I’ve thought for awhile about posting, about how to describe what it feels like to be a woman grad student in my department. There is splintering among the students in my department. I have seen and witnessed much of the usual sexist bull shit in my department: boundary violations, denigration of feminist philosophy, backhanded compliments, objectification of female faculty, male domination of discussion in a few classes, and rape jokes made in communal spaces.
Some of the splintering is the result of sexism; much of it is subtler and more complex: interpersonal differences, romantic mishaps, mistakes in responding to people, misunderstandings. But I guess instead of focusing on placing blame on the people who I see as some of the more aggressive and dysfunctional instigators–though I think there is a time and place for blame–I wanted to write about some of the effects of this splintering that I think are really sad.
I have seen men in our department, both faculty and students, drive wedges between women in our department, either by putting women in the middle of issues they shouldn’t be in the middle of, by unfairly defaming the character of women in our department, by misrepresenting disagreements, excluding people, etc. I have seen women faculty avoid women grad students while explaining the reasons for their avoidance to other grad students instead of the students themselves.
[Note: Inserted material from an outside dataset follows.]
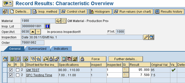 - The check box Skips allowed lets you to skip results recording if it is deemed that the produced goods are of acceptable quality and a direct usage decision can be made.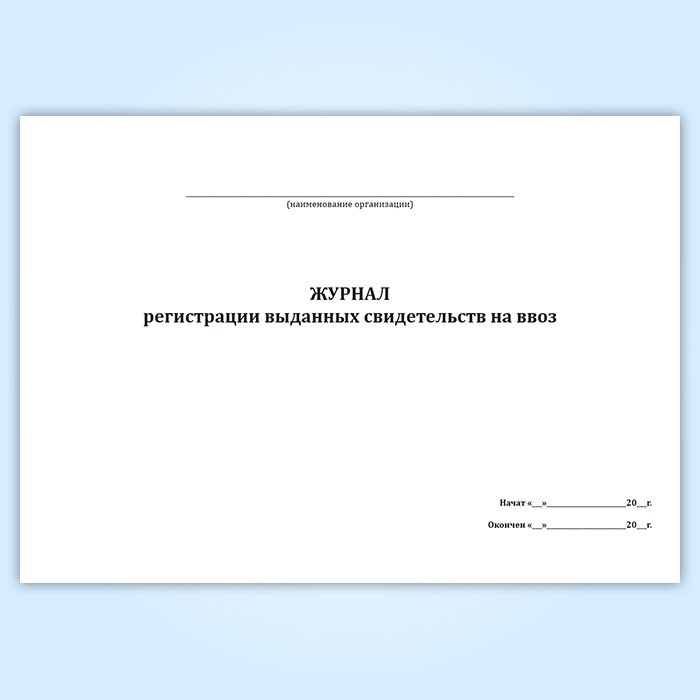 Журнал регистрации выданных свидетельств на ввоз в Верее купить

The sad part is that the tendency has been to blame the women for being in the middle, to accept the negative characterizations of women uncritically, and to create rifts between women in our department that are sometimes spoken about and sometimes not. I have seen a lack of accountability for men’s actions in our department. I have seen this lack of accountability, the various kinds of splintering, and exhaustion from unhealthy departmental dynamics cause some women to withdraw from social events in the department, myself included.* And as a result, I have missed opportunities to get to know newer faculty and students, many of whom are probably wonderful, bright, feminist women and men with whom solid, healthy, and positive communities and friendships might be built.
*I will say that I have not noticed men withdraw from social events for the reasons but I may have a limited perspective.